18Ω = (re + (re1||re2)) = ( 6.5Ω + (220||re2) )

re1||re2 = 18Ω - re = 11.5Ω

re2 = ( 220 * 11.5 ) / (220 - 12.5) = 12.1 = 12Ω.

And now we have a circuit that we can change gain quite easily.



from
rc/re1 = 1k/220 = 4.5[v/v] if we remove re2 and c2

to

rc/re = 1k/6.5 = 153[v/v] if we short re1.

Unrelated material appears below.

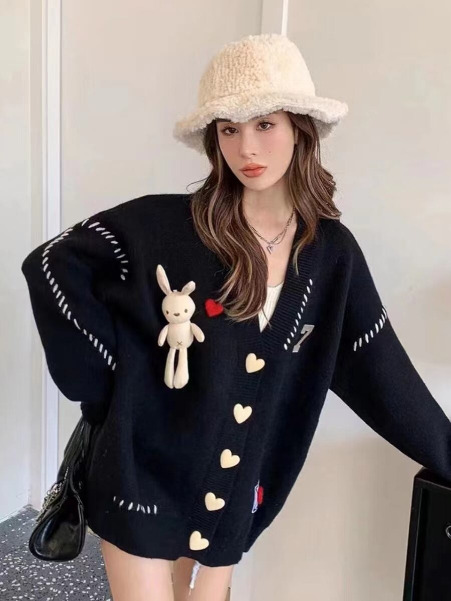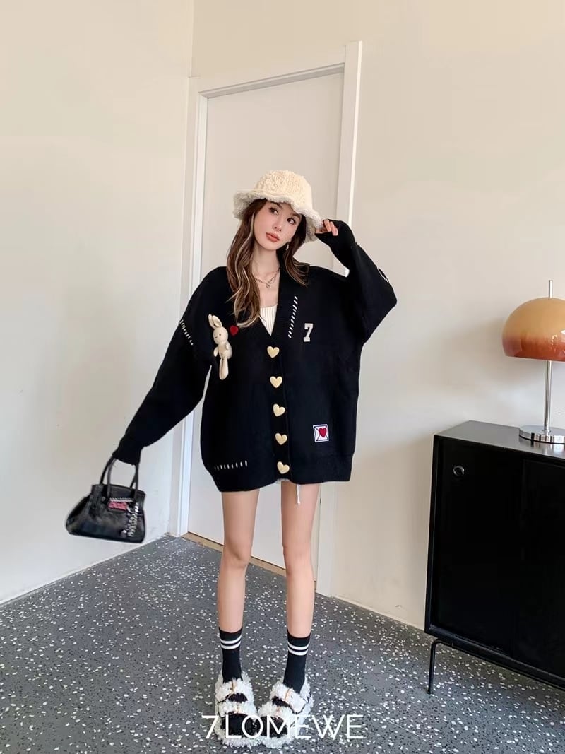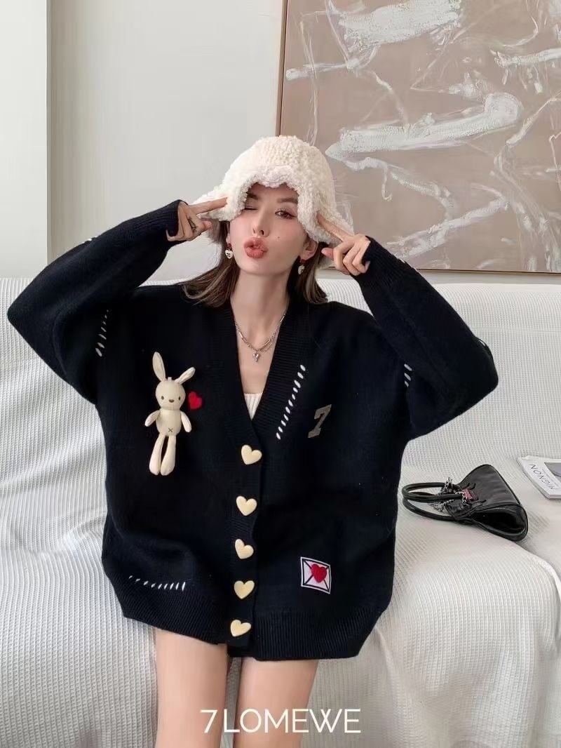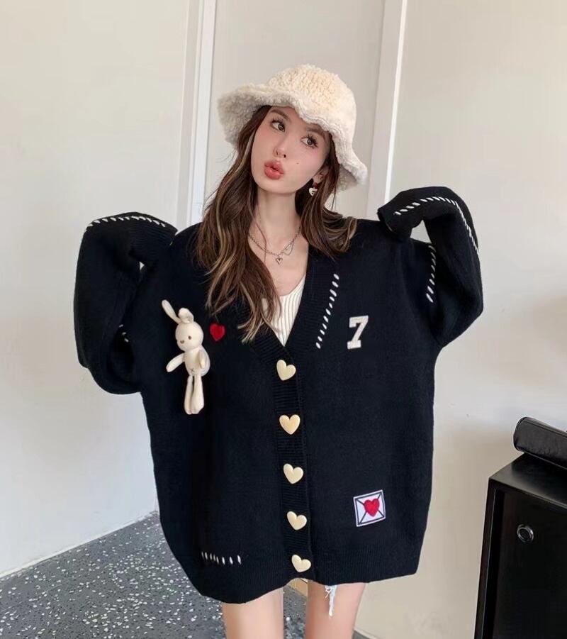 流行新作 デザイン性抜群 目を奪われる Vネック 3色選択 ニットトップスE-9608

And normally to meet all your requirements we need to use more practical amplifier circuit or op amp.
so this is the steps if i need to build an amplifier thnx
gain rc//rl/re, but i see there in resistor in serie with capacitor
how come now gain RC//RL/RE2+RE1 am i correct, if not can you tell me
i dont get gain of 50
michael1978
#50
Nov20-12, 04:52 PM
P: 133
Quote Quote by Averagesupernova View Post
Let me ask you this michael: How did you select the resistors in the schematic that you posted in post #42?
i think first i select voltage divider, and after rc and re
michael1978
#51
Nov20-12, 05:00 PM
P: 133
Quote Quote by Averagesupernova View Post
Let me ask you this michael: How did you select the resistors in the schematic that you posted in post #42?
i think first voltage divider and after rc and re
Averagesupernova
#52
Nov20-12, 06:29 PM
P: 2,499
Quote Quote by michael1978 View Post
i think first voltage divider and after rc and re
You went about it backwards. R1 and R2 are of course significant in order to get the proper base voltage but they are also important to determine input impedance. So their values need to be kept in mind for this. A low output impedance will reflect way back to a lower input impedance. The amplifier Jony posted has a Zin of about 1000 ohms. Can you tell why a single stage amplifier with the gain and Zout that you want cannot have a Zin of 50K?
michael1978
#53
Nov20-12, 06:38 PM
P: 133
Quote Quote by Averagesupernova View Post
You went about it backwards. R1 and R2 are of course significant in order to get the proper base voltage but they are also important to determine input impedance. So their values need to be kept in mind for this. A low output impedance will reflect way back to a lower input impedance. The amplifier Jony posted has a Zin of about 1000 ohms. Can you tell why a single stage amplifier with the gain and Zout that you want cannot have a Zin of 50K?
ooo man i dont know how to deterimine zin and zout ;-) how do you select zin and zout, i am just a begginer, is zin R1 and R2 and zout rc and rl, if is yes, how you determine how you select calculate
Averagesupernova
#54
Nov20-12, 07:01 PM
P: 2,499
Collector resistor is Zout.
Zin is R1||R2||(beta*Re). In the schematic that Jony posted Re becomes Re1||Re2.